No. Comparison Sentence Original Sentence Expect
1 How can I rename a file? How can I rename a file? A perfect match
2 How can I change a file? How can I rename a file? A close match
3 Can I change the name of a file ? How can I rename a file? A somewhat similar match
4 Can rename How file I a? How can I rename a file? Less of a match due to ordering
5 How can I rename a city? How can I rename a file? Should not be very similar
6 My cats name is Mr Jingles How can I rename a file? No similarity

Ideally we would like a clear separation between these sentences as the become progressively semantically different. If our scoring system is unable to differentiate between the extremes of these examples (i.e. 1 and 6) then it will be of little use.

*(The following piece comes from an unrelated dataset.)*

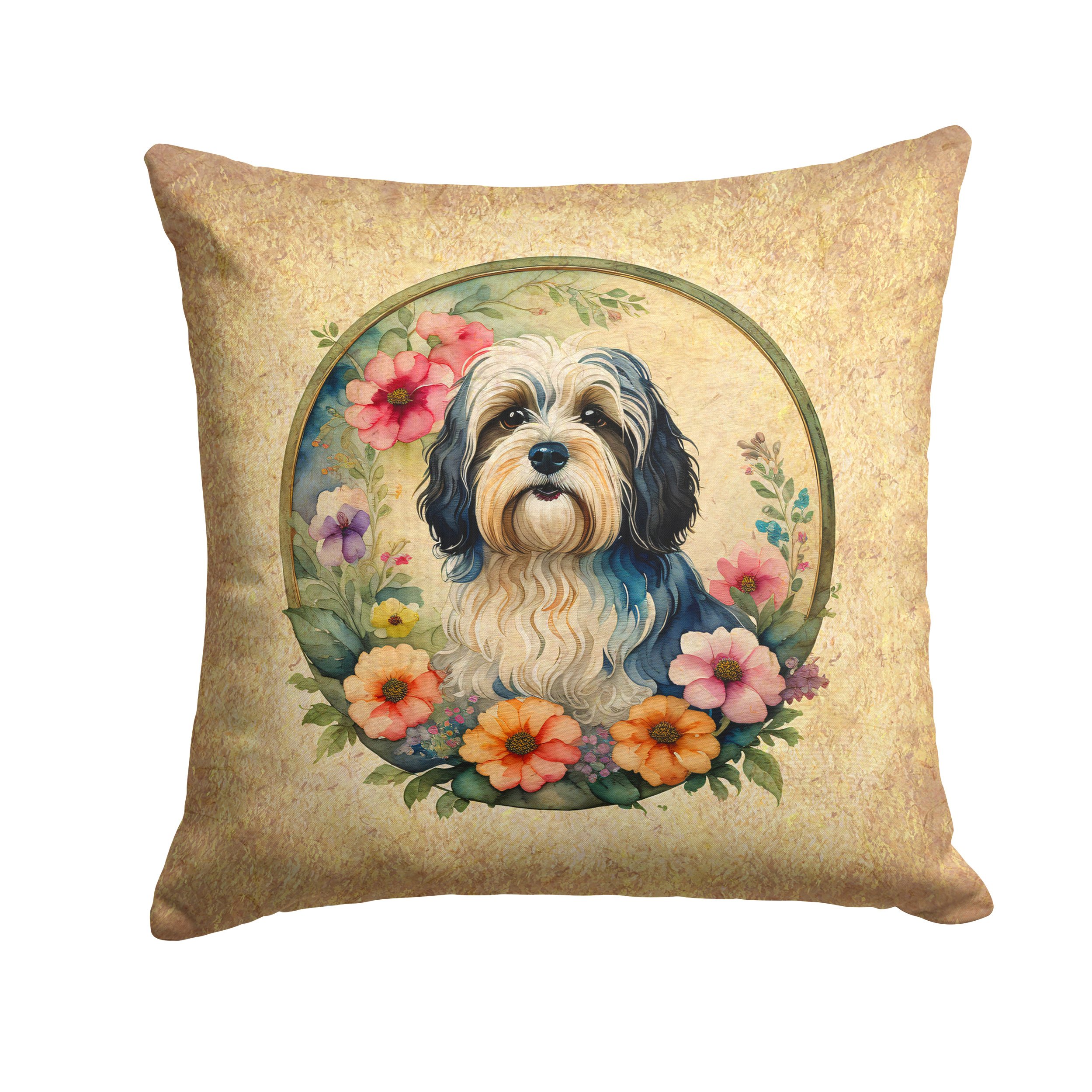 Home > Havanese and Flowers Throw Pillow Machine Washable, Indoor Outdoor Decorative Pillow for Couch, Bed or Patio, 14Hx14W

There is some ambiguity between sentences 2-4. It is difficult to know how similar scores should be between these sentences. We know they are semantically similar but how much of that semantic similarity can be captured in our embeddings is difficult to know. Sentence 5 is an interesting alteration where we only changed one word but this has a significant impact on the overall semantic meaning of the sentence. You may think that this is an unfair comparison as it is a somewhat contrived example. However, it is a good example of where we may get incorrect results when looking for similarity with embeddings and it also show the extra level of complexity when compared with word embeddings.

Cosine similarity

Since our embeddings are vectors we can measure similarity using their magnitude and direction

Remember that our embeddings are vectors, so we can use this fact to evaluate how similar they are to each other. Cosine similarity is a common way to measure similarity by getting the cosine of the angle between our two vectors, which in this case represent our sentences. Cosine similarity is the method used to measure similarity in the original USE paper and also the method used in the code examples provided with the TensorFlow USE module. We can use this method to measure the similarity of our sentences.

Dataset

We noted earlier that we will manually curate the sentences we use in our baseline. We still, however, need a dataset of sentences that we use as the original sentences. We want to ensure there are a variety of base sentences to start with and that the overall number of sentences is large. If we have a small number of sentences it would be easier to “game” our test since there would not be much choice. Ensuring a large number of potential matches is a better simulation of a real life situation.

One dataset that seems perfect for our use case is the Quora duplicate sentences dataset available on Kaggle. This is a set of sentence pairs and a corresponding label to identify if these sentences are indeed duplicates.

Test the dataset yourself

So far we have generated some embeddings and visually analyzed a series of sentence pairs to get a feel for how the USE works. However, the best way to do this is to take it for a test drive yourself.

To do this, we've already generated the embeddings for the Quora dataset sentences. These have been saved to the GitHub repo using pickle. This way you only need to generate the embeddings for you test sentence and then you can look at the best matches returned via cosine similarity with the Quora questions.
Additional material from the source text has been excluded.